In his column on the disaster, Aditya Chakrabortty of The Guardian drew comparisons to the often lethal living and working conditions faced by the working classes and poor in Victorian Manchester, which Friedrich Engels characterised as social murder in his 1845 study The Condition of the Working Class in England. Chakrabortty stated that "those dozens of Grenfell residents didn't die: they were killed. What happened last week wasn't a 'terrible tragedy' or some other studio-sofa platitude: it was social murder . . . Over 170 years later, Britain remains a country that murders its poor." The Shadow Chancellor of the Exchequer, John McDonnell, also said that the fire amounted to "social murder" and that "political decisions in recent decades" led to it, and that "those responsible should be held to account".

=== Poor transparency ===
On 29 June 2017, Kensington and Chelsea London Borough Council held its first full meeting since the fire. The council had tried to exclude the press and public from the meeting, citing safety concerns. Journalists sought an injunction to force the council to let them attend, which was granted. The meeting was adjourned shortly after it began, with members of the council's cabinet saying that to proceed would be prejudicial to the forthcoming public inquiry. Sadiq Khan and Robert Atkinson, Labour group leader on the council, both called for the council's entire cabinet to resign. Atkinson described the situation as "an absolute fiasco". Khan said that it "beggared belief" that the council was trying to hold meetings in secret when the meeting was the first chance the council had to provide some answers and show transparency. He said that some people were asking "whether or not the council was involved in a cover up". Conservative council leader Nicholas Paget-Brown resigned on 30 June 2017.
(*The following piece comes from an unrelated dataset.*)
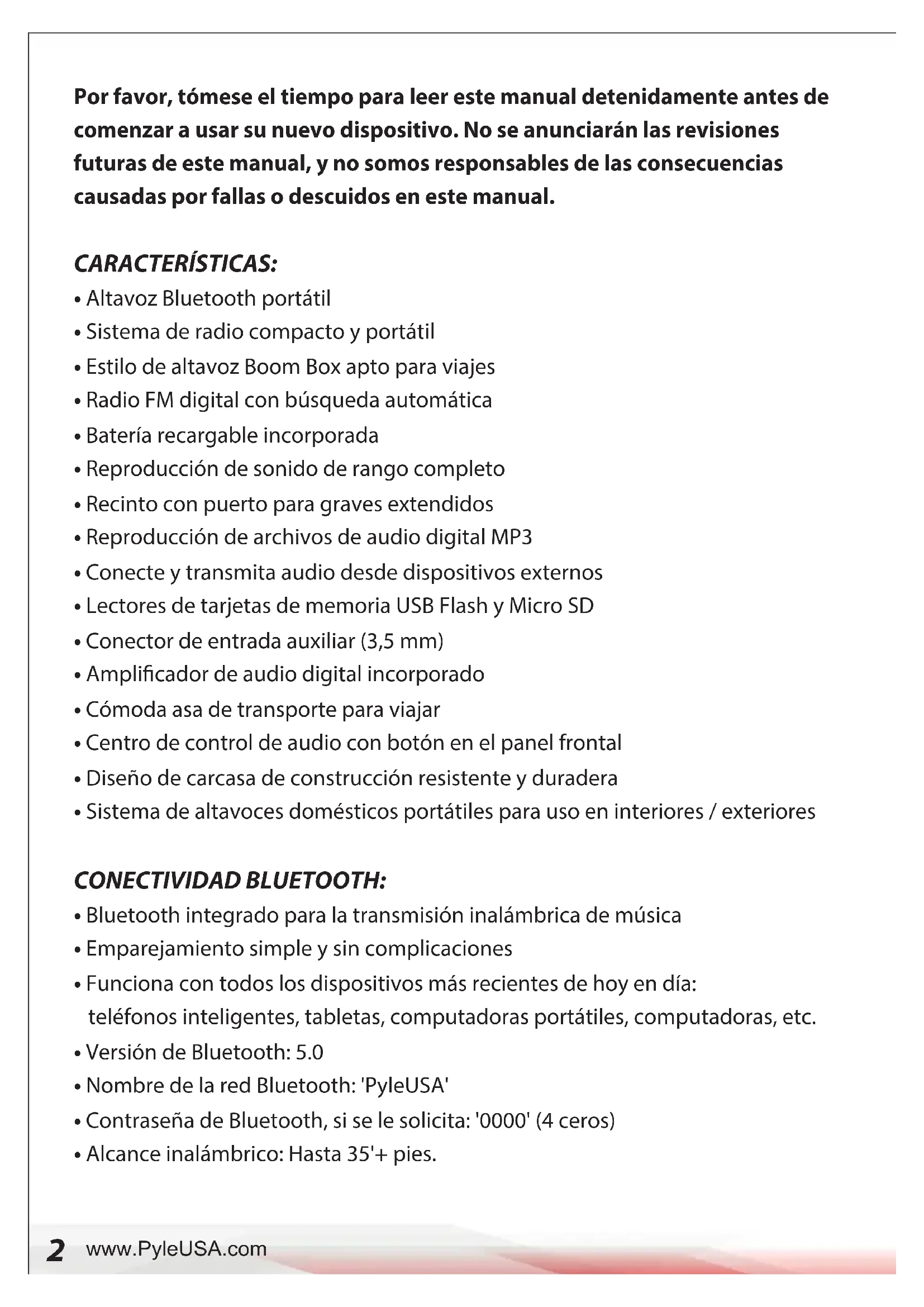 - Nombre de la red Bluetooth: 'PyleUSA'

=== Criticism of the media ===
Jon Snow, a veteran television journalist, used the MacTaggart Lecture at the Edinburgh International Television Festival to complain that the media was "comfortably with the elite, with little awareness, contact or connection with those not of the elite" and this lack of connection was "dangerous". He demanded "Why didn't any of us see the Grenfell action blog?"

===Conservative Party survey===
In November 2017, a branch of the Kensington Conservative Party caused anger by sending out a survey to local residents asking them to rate how important the Grenfell Tower fire was, alongside issues such as parking and recycling.